昨年、ヨツールのF500を設置した北海道のお家へメンテナンスに行った。
既存のレンガの炉台が想定以上に凸凹が激しくて4ミリ厚のスペーサーをかまさないと安定しなかった。設置時は、とりあえず応急処置で適当な金具を挿入しておいたけど、美観が損なわれる状態だった。
この他にも当初設置した時に、ハンドルの動きが渋いという問題点があったので、交換用のパーツも持参していったが、こちらは1シーズン使ったら動きが良くなって交換の必要はなかった。
また、室内側を煙突固定なしで横引きする煙突配管だったので、水平垂直が微妙にずれてしまっていた。そこで水平垂直を取り直して、煙突を口元および、スライド部分を固定して水平垂直が維持できるようにした。これに伴い、薪ストーブの設置位置も数ミリ貫通部分から離す方向に移動した。
薪ストーブの入れ替え後は「燃やしにくい」「タールが垂れる」「煙が室内側に逆流する」などの問い合わせがあったので、屋外側の既存二重断熱煙突の性能劣化や、負圧の影響なども考えらえた。
そこで、今回の訪問時、煙突掃除の後に、パイプ内視鏡を持参して屋外側の煙突のインナー管の状態の確認、24時間換気をされていたので、微差圧計を持参して、室内側がどれだけ負圧になっているのかの測定など、薪ストーブを使用するにあたっての不安要素をチェックした。それらの不安要素は、数値や目視できちんと確認した。結果的に、それらの問題はなかった。

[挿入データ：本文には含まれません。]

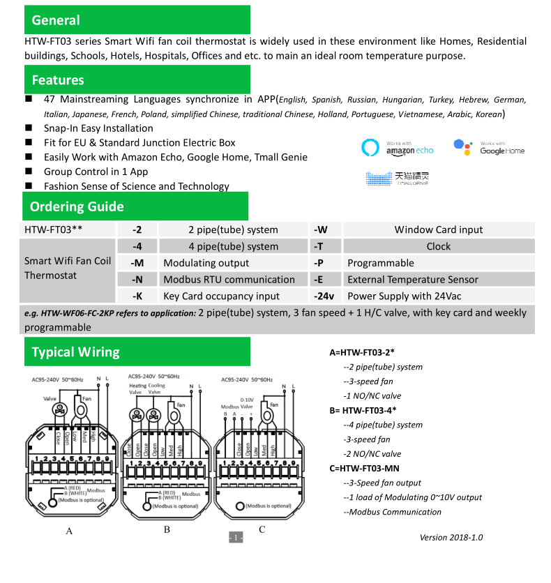 HTW-FT03 series Smart Wifi fan coil thermostat is widely used in these environment like Homes, Residential

焚き方の改善だけで、上記の問題点は解決すると自信を持って言える状態になった。
ちなみに、お客様がF500の前に使っていたダッチウェストは触媒機だったので、焚きつけ時にダンパーを開けば煙突に排煙が抜けていき燃やしやすいのに対して、入れ替え後のF500はそういう構造ではなく、バッフル板を回折しながら排煙が抜けていき、それなりの抵抗があるので、比較すると燃やしにくい傾向にある。さらに最近の新しい薪ストーブは燃費向上や排煙規制への適合のため、空気を極端に絞って燃やす設計になっているので、その傾向に拍車がかかっている。
1シーズン使った後のお客様の感想も「前の薪ストーブの時は太い薪でも燃えたけど、今度の薪ストーブは細目の薪(つまり標準の8センチ角程度)でないと、きとんと燃えないし暖かくない」というものだった。適切なサイズの薪を正しく燃やせば、煙も煤も出ずに、暖かくきちんと燃えるということが、ある程度体感で理解していただけたと思った。別の機種を以前使っていたベテランだから、最初は前の薪ストーブの焚き方を踏襲していたけど、使っているうちに新しい薪ストーブの特性をつかんでくれたということだ。
これで、今後は安心して使い続けることができると思う。